#### PROBLEM TO WORK ON
An unchanged copy of all the lines below is expected, and it should contain no pictures.

#### DATA EXCERPT

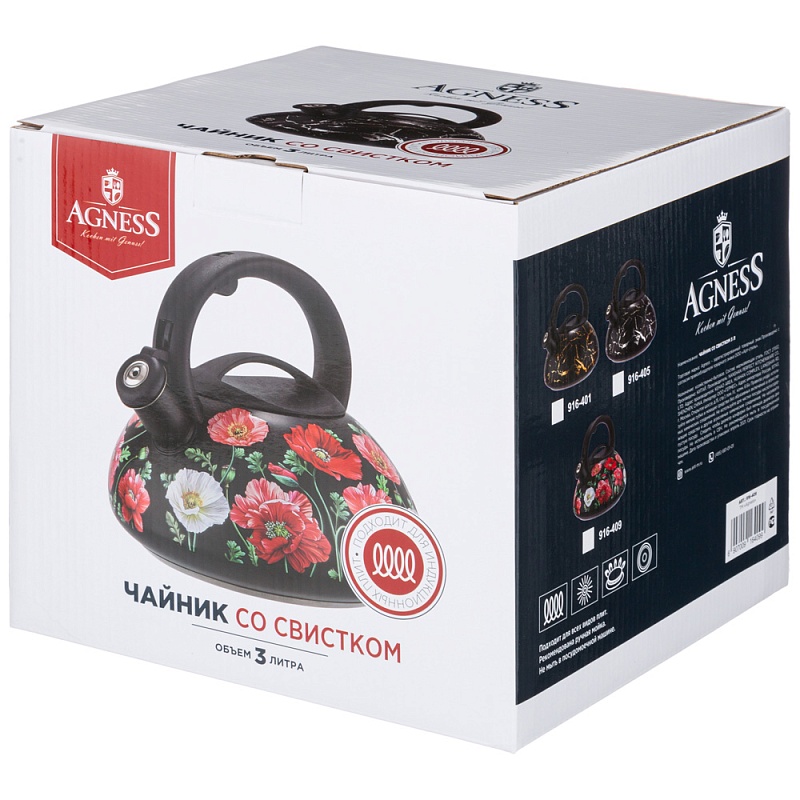 ЧАЙНИК AGNESS СО СВИСТКОМ 2,8л ТЕРМОАККУМУЛИРУЮЩЕЕ ДНО ИНДУКЦИЯ ВСТРОЕННЫЙ ТЕРМОМЕТР 908-067 (6/1)Артикул: 117818В наличии1 361 ₽
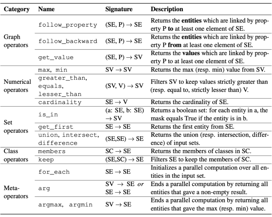 先前的几个 KG-QA 作品都是基于 D2A 的语法。作者重新设计语法以对更广泛的查询进行建模。通过定义更通用的运算符,作者在不增加运算符数量和 LF 平均深度的情况下实现了这一点。实体是 KG 中的一个节点。两个实体可以通过称为属性的有向标记边相关联。属性还可以将实体与值相关联,该值可以是日期、布尔值、数量或字符串。实体和属性有几个类型,主要是名称和整数 ID。成员属性将成员实体与类实体联系起来。
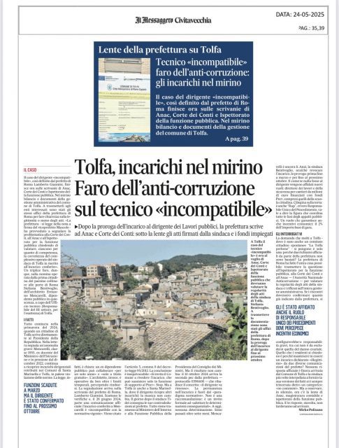 <<Quanto emerge in queste ore dalla stampa, in merito alla presunta incompatibilità del dirigente ai Lavori Pubblici del Comune di Tolfa, trasmessa dalla Prefettura ad ANAC, Corte dei Conti e Ispettorato della Funzione Pubblica,

#### SOLUTION TO THIS EXERCISE
 ЧАЙНИК AGNESS СО СВИСТКОМ 2,8л ТЕРМОАККУМУЛИРУЮЩЕЕ ДНО ИНДУКЦИЯ ВСТРОЕННЫЙ ТЕРМОМЕТР 908-067 (6/1)Артикул: 117818В наличии1 361 ₽
 先前的几个 KG-QA 作品都是基于 D2A 的语法。作者重新设计语法以对更广泛的查询进行建模。通过定义更通用的运算符,作者在不增加运算符数量和 LF 平均深度的情况下实现了这一点。实体是 KG 中的一个节点。两个实体可以通过称为属性的有向标记边相关联。属性还可以将实体与值相关联,该值可以是日期、布尔值、数量或字符串。实体和属性有几个类型,主要是名称和整数 ID。成员属性将成员实体与类实体联系起来。
 <<Quanto emerge in queste ore dalla stampa, in merito alla presunta incompatibilità del dirigente ai Lavori Pubblici del Comune di Tolfa, trasmessa dalla Prefettura ad ANAC, Corte dei Conti e Ispettorato della Funzione Pubblica,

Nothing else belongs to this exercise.